GUANTANAMO KID (Tubiana/Franc)

BD. « Se trouver au mauvais endroit au mauvais moment »: l’adage ne s’est jamais aussi bien appliqué qu’à Mohammed El-Gorani. Immigré tchadien, avec sa famille, en Arabie Saoudite, le jeune garçon a rapidement compris que les lois racistes saoudiennes (les écoles étaient fermées aux non-saoudiens et la création d’une entreprise ou l’ouverture d’une boutique étaient aussi réservées aux saoudiens) le cantonneraient toute sa vie aux petits boulots (vendre des bouteilles d’eau dans la rue ou des souvenirs devant la mosquée de Médine) s’il ne faisait pas quelque chose. Il décida donc de partir, à 14 ans (en échange d’un backchich, il réussit à obtenir un passeport avec un faux nom pour éviter que ses parents ne l’en empêchent), au Pakistan pour suivre des cours d’informatique chez l’oncle d’un copain à lui. Sauf qu’un jour (nous sommes 2 mois après le 11 septembre…), les militaires pakistanais organisèrent une rafle devant la mosquée, embarquant des dizaines d’hommes, dont Mohammed. Avant de les revendre aux américains, moyennant quelques milliers de dollars par tête de pipe. Le début de l’enfer pour El-Gorani…

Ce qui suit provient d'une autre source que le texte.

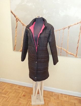 Abrigo plumífero de la marca ELLE Sport, nuevo Color negro y fucsia Muy cálido para el invierno: impermeable, guateado y forro polar rosa en toda la prenda. Bolsillos exteriores. Doble cierre cremallera y botones. Talla etiqueta Elle Sport 16 que equivale a talla L europea Medidas: Largo: 96 cm Largo de mangas: 61 cm Ancho de hombros 41 cm Ancho de axilas: 55 cm Contorno máximo cintura: 110 cm Envios rápidos 24/48H Descuentos por compra de lotes

La convention de Genève ? La présomption d’innocence ? Les droits des accusés ? La justice ? L’administration Bush les a baffoués, encore et encore, à Guantanamo, quasiment au vu et au su du monde entier. Avec ce récit basé sur le témoignage de Mohammed El-Gorani, on (re)découvre toute l’étendue du scandale. Les sévices psychologiques, les humiliations, la torture, la maltraitance, la négation des droits fondamentaux (Mohammed dût attendre 3 ans pour pouvoir dire à ses parents où il se trouvait et les rassurer ou parler à un avocat…): la liste des exactions américaines est longue, très longue…En tout, El-Gorani est resté emprisonné 8 ans à Cuba car il était considéré comme un membre influent d’Al-Qaida. Les services secrets US en avaient la preuve formelle: c’est un membre de la cellule d’Al-Qaida de Londres qui l’avait lui-même identifié en 1993. Sauf qu’à l’époque, Mohammed n’était âgé que de 6 ans…Une simple vérification de son extrait de naissance aurait suffi à le disculper…Libéré en 2009, El-Gorani n’en avait pourtant pas terminé avec les problèmes. L’Arabie saoudite refusa qu’il revienne au pays (même si ses parents y vivaient), puis surveillé par les américains, il lui fut interdit de quitter le Tchad et il fut régulièrement embarqué, à toute heure du jour ou de la nuit, pour interrogatoire. Même innocenté, il resterait malgré tout un prisonnier de Guantanamo à vie…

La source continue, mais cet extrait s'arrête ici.